I want to like WriteRoom. I really do. It offers that overused “distraction-free writing” atmosphere that so many writers cherish2, and it is a solid choice for most writers. It can handle big or small projects, and it gets the job done just fine.
But it’s not for me. I’ve given a try on several occasions, and it just doesn’t feel right to me. Personal preference, I know. But it’s my MacBook Air, right? And my MacBook Air doesn’t have WriteRoom on it anymore.
This app has been getting rave reviews since it came out, and I’m liking what I’m seeing. Even though I’m not writing in Markdown2, the fluidity and feel of the app makes it a pleasure to use.
I don’t know what it is about this app, but it feels too “juvenile” to me. It didn’t grab me from the get-go and because I’ve spent more time elsewhere (and despite its “heavy by comparison” price tag), I’m giving this app the ol’ heave-ho.3
The iPad version of this app was heralded by yours truly when put through the paces, and I’ve given it a good run on my Mac as well. It is smooth, easy-to-use and the transition from using it on the iPad to my main writing device has been pretty much seamless. But…
It’s that dang “feel” thing again. ia Writer feels like an iPad app, so I am going to be using it on that platform. But it doesn’t make the cut here on my Mac. But a 50/50 split isn’t bad, right? Right?7
I am writing this post in nvALT, so there you go.
nvALT is free, it syncs up with Simplenote (which I use on my iPad for online writing) and it lets me get to the writing without getting into anything else.
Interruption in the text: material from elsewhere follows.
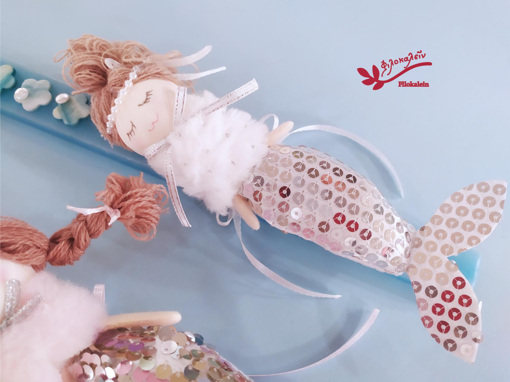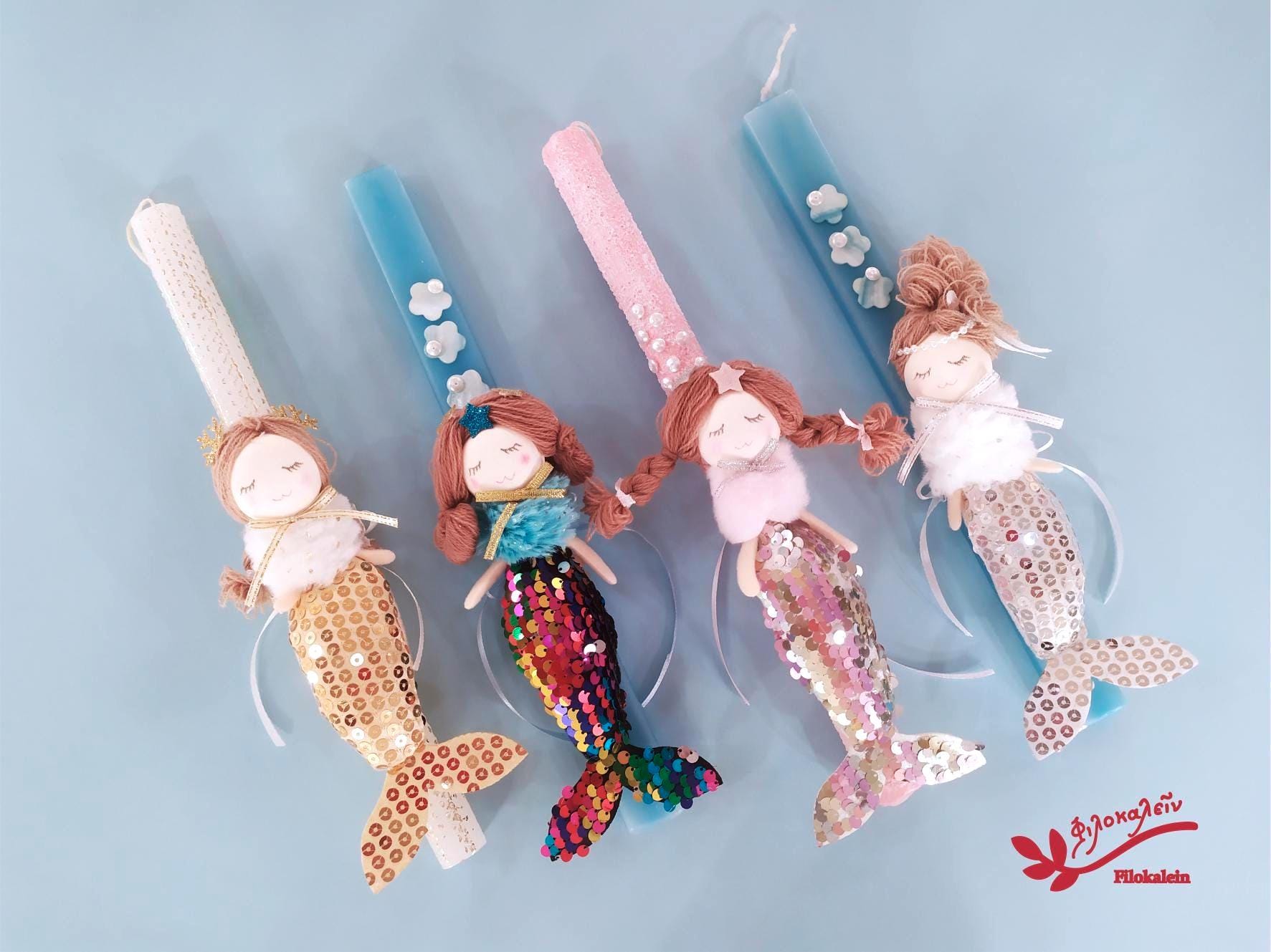 Mermaid Easter Candle for Girl, Greek Lampada with Fabric Mermaid Doll, Orthodox Goddaughter Gift, Easter Keepsake

I was using the app that this is essentially a fork of, Notational Velocity, but Brett Terpstra has amped up the goods with nvALT — and it has displaced the parent app as a result.
This is the app that I compose much of my daily writing with, and it not only stays on my MacBook Air, but it has a place on my Dock. A rare achievement indeed.
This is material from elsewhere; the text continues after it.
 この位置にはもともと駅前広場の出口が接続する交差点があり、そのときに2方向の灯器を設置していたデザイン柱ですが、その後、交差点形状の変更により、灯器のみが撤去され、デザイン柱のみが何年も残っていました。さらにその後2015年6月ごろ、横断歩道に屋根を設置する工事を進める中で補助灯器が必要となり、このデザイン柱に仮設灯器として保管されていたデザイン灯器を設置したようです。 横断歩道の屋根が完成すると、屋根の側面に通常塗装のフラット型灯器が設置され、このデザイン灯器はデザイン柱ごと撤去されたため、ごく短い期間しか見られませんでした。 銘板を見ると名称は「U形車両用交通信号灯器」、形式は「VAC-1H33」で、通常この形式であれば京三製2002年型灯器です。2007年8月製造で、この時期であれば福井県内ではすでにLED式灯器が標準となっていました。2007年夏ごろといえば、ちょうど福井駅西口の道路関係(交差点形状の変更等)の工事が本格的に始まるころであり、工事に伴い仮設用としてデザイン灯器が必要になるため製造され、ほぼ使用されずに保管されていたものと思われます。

It is pretty. It is developed by Apple. It works. But it doesn’t iWork for me.
Whew. Again, that was tough…but here’s what I’m left with:
Before anyone mentions that I’m supposed to get down to two apps, I’ll address that concern by categorizing the remaining three as follows:
Scrivener: Lengthy writing (such as a book)
nvALT: Daily writing (such as an article like this one)
Byword: Backup writing tool (that can handle book and article writing)
And that’s all she wrote.
UPDATE 12-8-12: I have actually started to use Byword more often for all writing other than working on a book (that’s still Scrivener territory). The ubiquity of Byword with its iOS apps and my Markdown writing style is more aligned with Byword than nvALT. I love Brett’s work, but Byword was won out.